A devolução e seus limites
Repetição do indébito em valor igual ao dobro do que se pagou em excesso, com correção monetária e juros legais: é isso que o art. 42 assegura, no parágrafo único, a quem foi cobrado em quantia indevida — salvo engano justificável.
A ressalva é o campo de disputa. Bancos costumam sustentar que a tarifa constava do contrato assinado e que, portanto, não houve engano. O consumidor sustenta que a contratação foi apresentada como empréstimo e que a cláusula não foi informada de modo compreensível. Quem decide, na prática, é o conjunto de documentos: contrato, extrato, gravação de venda, se houver.
A pretensão de reparação civil prescreve em três anos, pelo art. 206 do Código Civil, o que torna relevante identificar desde quando a anuidade vem sendo lançada e não deixar o pedido envelhecer.
Anos de desconto e um extrato que mostra tarifa e encargo comendo quase tudo o que foi pago pedem recálculo e proposta de conversão da operação — peça técnica, não reclamação. Advogado particular monta esse pedido com os extratos que você solicitar, e a procuração se assina eletronicamente.
Quando a anuidade é devida
Há situações em que a cobrança se sustenta e vale reconhecê-las antes de iniciar uma disputa.
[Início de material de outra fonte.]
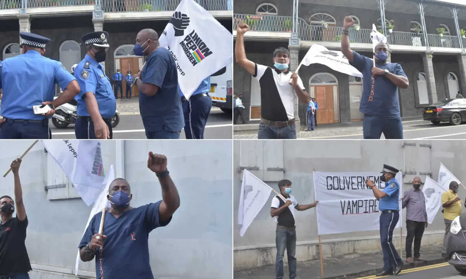 Bruneau Laurette, membre de Linion Pep Morisien, et l’activiste Raouf Khodabaccus, protestent contre la hausse des prix des carburants devant le PMO, Port-Louis, cet après-midi. D’autres membres de Linion Pep Morisien ont participé à cette manifestation, qui a pris fin vers 14 h. Il y avait au total sept manifestants, qui appellent à un « fuel strike » à partir de lundi.

Se o cartão foi efetivamente utilizado em compras, se o consumidor recebeu e desbloqueou o plástico, ou se o contrato foi apresentado de forma clara como cartão de crédito consignado e assinado nesses termos, a tarifa contratada tende a ser mantida.
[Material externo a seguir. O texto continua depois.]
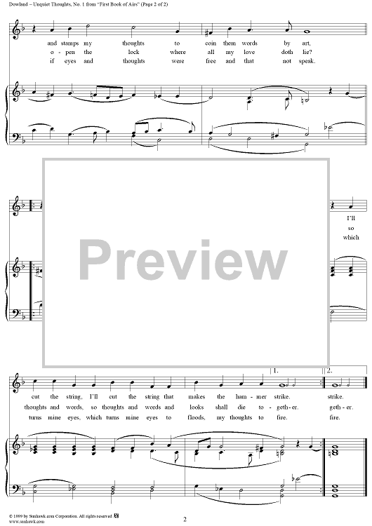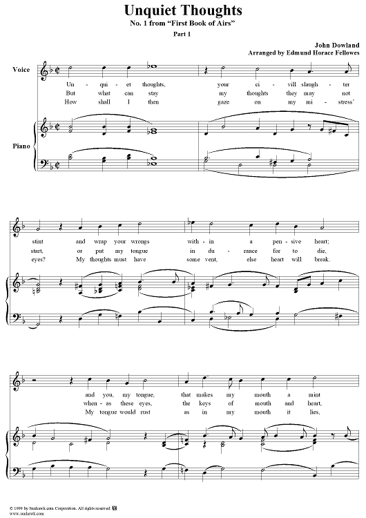 Digital Sheet Music for Unquiet Thoughts - No. 1 from "First Book of Airs, Part 1" by John Dowland, Rev. Edmund Horace Fellowes scored for Voice/Piano; id:270691

Também não se sustenta o pedido que confunde anuidade com encargos de rotativo. Juros altos sobre saldo não pago não são tarifa: são consequência do produto, e sua discussão segue outro caminho, o da revisão de encargos.
Por fim, o cancelamento do cartão não apaga a dívida acumulada. Encerrado o produto, o saldo remanescente continua exigível — o que muda é a forma de cobrança, que deixa de contar com a reserva de margem.
Perguntas frequentes
Cancelar o cartão libera a margem consignável imediatamente?
A liberação da faixa reservada depende da baixa do registro junto ao consignante, que é processada após o encerramento do produto e a definição do saldo. Por isso o pedido de exclusão do desconto deve ser feito junto com o cancelamento, e não depois dele.
Posso converter o cartão em empréstimo consignado comum?
A conversão não é um direito automático, mas é uma solução frequentemente aceita em acordo, porque substitui o pagamento mínimo perpétuo por parcelas com prazo definido. O pedido deve ser formulado por escrito, com indicação do saldo que se pretende converter.